How to complete this task: The expected answer is the data below, printed verbatim without its pictures.
══ Entries provided
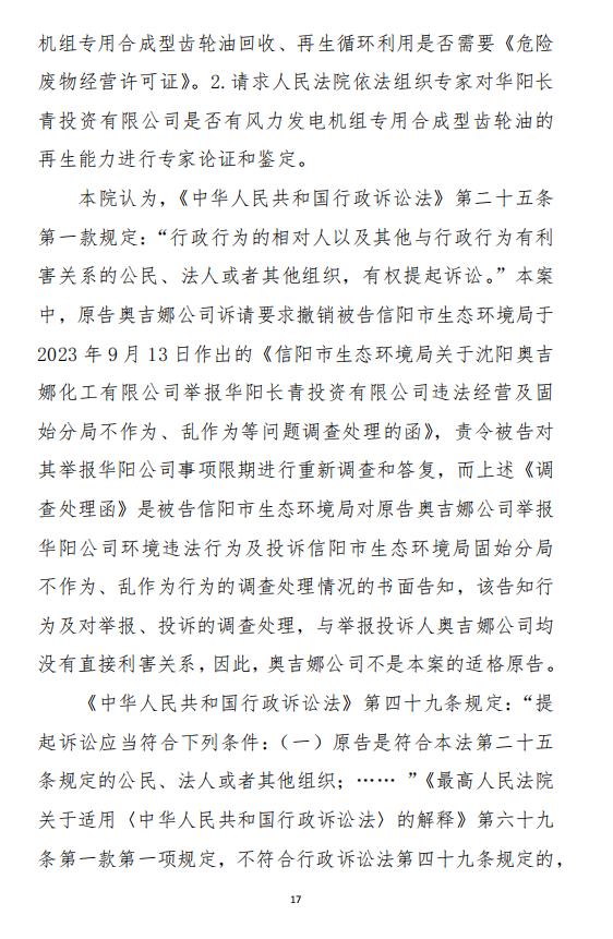 2023年10月18日,奧吉娜公司依據(jù)《行政訴訟法》和《行政訴訟法解釋》,將信陽(yáng)市環(huán)境局和第三人華陽(yáng)長(zhǎng)青公司訴至信陽(yáng)市平橋區(qū)人民法院,請(qǐng)求法院:1、判決撤銷被告作出的《信陽(yáng)市生態(tài)環(huán)境局關(guān)于沈陽(yáng)奧吉娜化工有限公司舉報(bào)華陽(yáng)長(zhǎng)青投資有限公司違法經(jīng)營(yíng)及固始分局不作為、亂作為等問(wèn)題調(diào)查處理的函》;2、責(zé)令被告針對(duì)原告于2023年8月3日向被告申訴舉報(bào)華陽(yáng)長(zhǎng)青投資有限公司事項(xiàng),限期進(jìn)行重新調(diào)查和答復(fù);3、請(qǐng)求人民法院判令被告2023年9月13日調(diào)查處理函認(rèn)定的廢合成油不應(yīng)按危險(xiǎn)廢物有關(guān)規(guī)定進(jìn)行管理,違反法律規(guī)章的規(guī)定,無(wú)效。
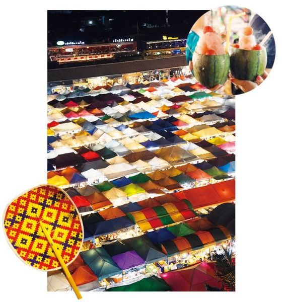 バンコクでぜひ行ってみたいのがナイトマーケット。2015年にオープンしたばかりの「ラチャダー鉄道市場」は、観光客も多いので安心して楽しめる。雑貨やフードの屋台など約1000軒ものお店が立ち並び、多くの人で賑わっている。カラフルなテントが立ち並ぶ夜景もナイトマーケットならではの光景。マーケット近くの駐車場から、ぜひ写真に収めたい。※木~日曜日の開催
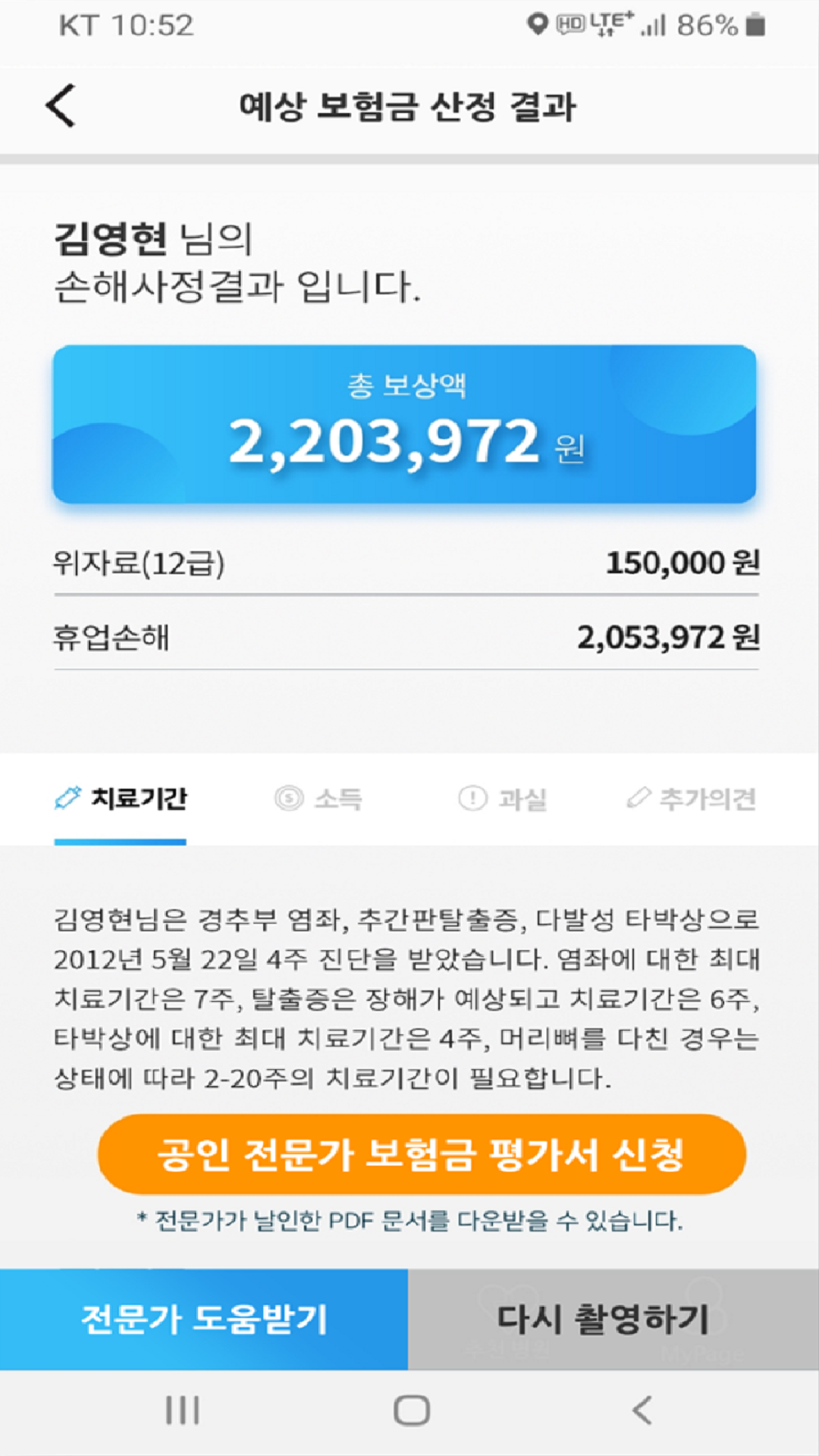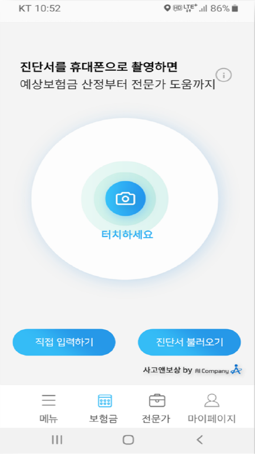 인공지능(AI)에 기반한 보험금 예측 시스템 교통사고시 진단서를 휴대폰으로 촬영 또는 직접입력하기 하면,
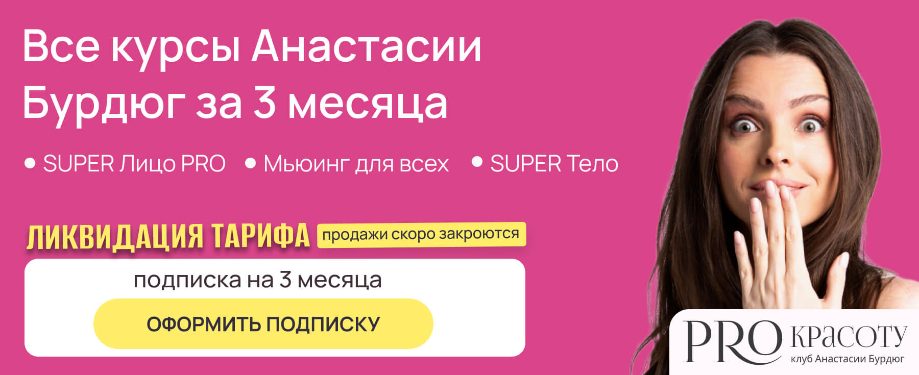 3 месяца, 90 дней… что можно успеть за это время? Сейчас я вам расскажу! ✋ | | | | | Освоить 9 новых продвинутых упражнений и 3 комплекса для осанки из курса SUPER Лицо PRO, благодаря которым вы: | | | | | | усиленно проработаете проблемные зоны — мешки и впадины под глазами, опущенные щеки, сниженный тонус губ; | | | | скорректируете технику выполнения упражнений; | | | | ускорите результат от гимнастики; | | | | обретете здоровую осанку; | | | | сможете создать свой комплекс из упражнений, подходящих именно вам. | | | | | | Внедрить в свою жизнь уникальную методику естественной коррекции прикуса из курса «Мьюинг для всех», которая поможет вам: | | | | | | избавиться от второго подбородка; | | | | подтянуть овал лица без хирургического вмешательства; | | | | сделать скулы более четкими и выразительными. | | | | | | Подключить простые, но эффективные упражнения для тела из курса SUPER Тело, с помощью которых вы: | | | | | | улучшите самочувствие, получите заряд энергии на каждый день; | | | | укрепите тело и улучшите фигуру; | | | | избавитесь от болей в спине и суставах; | | | | | Все эти результаты могут стать вашими уже через 3 месяца в клубе PRO Красоту! ❤️ | | | | Мы закрываем продажи 3-месячной подписки: у вас есть последняя возможность оформить ее всего за 1880 рублей.
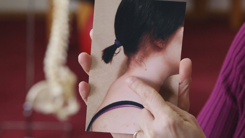 При пальпации шеи можно обнаружить болезненные уплотнения и узелки в мягких тканях. В запущенных случаях образуется заметная шишка в области 7-го шейного позвонка.
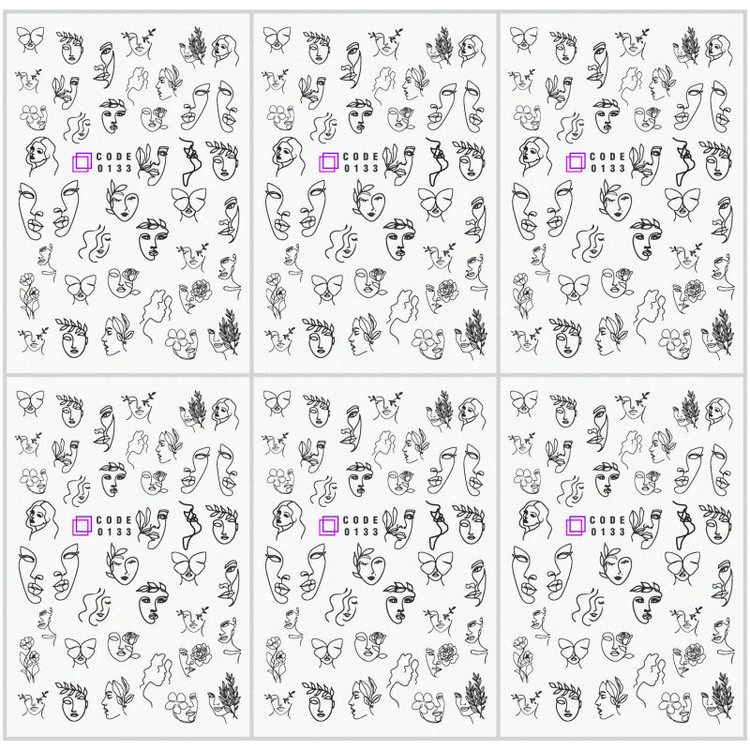 برچسب لنز ناخن مدل صورت خطی مجموعه 6 عددی
════
Answer:
 2023年10月18日,奧吉娜公司依據(jù)《行政訴訟法》和《行政訴訟法解釋》,將信陽(yáng)市環(huán)境局和第三人華陽(yáng)長(zhǎng)青公司訴至信陽(yáng)市平橋區(qū)人民法院,請(qǐng)求法院:1、判決撤銷被告作出的《信陽(yáng)市生態(tài)環(huán)境局關(guān)于沈陽(yáng)奧吉娜化工有限公司舉報(bào)華陽(yáng)長(zhǎng)青投資有限公司違法經(jīng)營(yíng)及固始分局不作為、亂作為等問(wèn)題調(diào)查處理的函》;2、責(zé)令被告針對(duì)原告于2023年8月3日向被告申訴舉報(bào)華陽(yáng)長(zhǎng)青投資有限公司事項(xiàng),限期進(jìn)行重新調(diào)查和答復(fù);3、請(qǐng)求人民法院判令被告2023年9月13日調(diào)查處理函認(rèn)定的廢合成油不應(yīng)按危險(xiǎn)廢物有關(guān)規(guī)定進(jìn)行管理,違反法律規(guī)章的規(guī)定,無(wú)效。
 バンコクでぜひ行ってみたいのがナイトマーケット。2015年にオープンしたばかりの「ラチャダー鉄道市場」は、観光客も多いので安心して楽しめる。雑貨やフードの屋台など約1000軒ものお店が立ち並び、多くの人で賑わっている。カラフルなテントが立ち並ぶ夜景もナイトマーケットならではの光景。マーケット近くの駐車場から、ぜひ写真に収めたい。※木~日曜日の開催
 인공지능(AI)에 기반한 보험금 예측 시스템 교통사고시 진단서를 휴대폰으로 촬영 또는 직접입력하기 하면,
 3 месяца, 90 дней… что можно успеть за это время? Сейчас я вам расскажу! ✋ | | | | | Освоить 9 новых продвинутых упражнений и 3 комплекса для осанки из курса SUPER Лицо PRO, благодаря которым вы: | | | | | | усиленно проработаете проблемные зоны — мешки и впадины под глазами, опущенные щеки, сниженный тонус губ; | | | | скорректируете технику выполнения упражнений; | | | | ускорите результат от гимнастики; | | | | обретете здоровую осанку; | | | | сможете создать свой комплекс из упражнений, подходящих именно вам. | | | | | | Внедрить в свою жизнь уникальную методику естественной коррекции прикуса из курса «Мьюинг для всех», которая поможет вам: | | | | | | избавиться от второго подбородка; | | | | подтянуть овал лица без хирургического вмешательства; | | | | сделать скулы более четкими и выразительными. | | | | | | Подключить простые, но эффективные упражнения для тела из курса SUPER Тело, с помощью которых вы: | | | | | | улучшите самочувствие, получите заряд энергии на каждый день; | | | | укрепите тело и улучшите фигуру; | | | | избавитесь от болей в спине и суставах; | | | | | Все эти результаты могут стать вашими уже через 3 месяца в клубе PRO Красоту! ❤️ | | | | Мы закрываем продажи 3-месячной подписки: у вас есть последняя возможность оформить ее всего за 1880 рублей.
 При пальпации шеи можно обнаружить болезненные уплотнения и узелки в мягких тканях. В запущенных случаях образуется заметная шишка в области 7-го шейного позвонка.
 برچسب لنز ناخن مدل صورت خطی مجموعه 6 عددی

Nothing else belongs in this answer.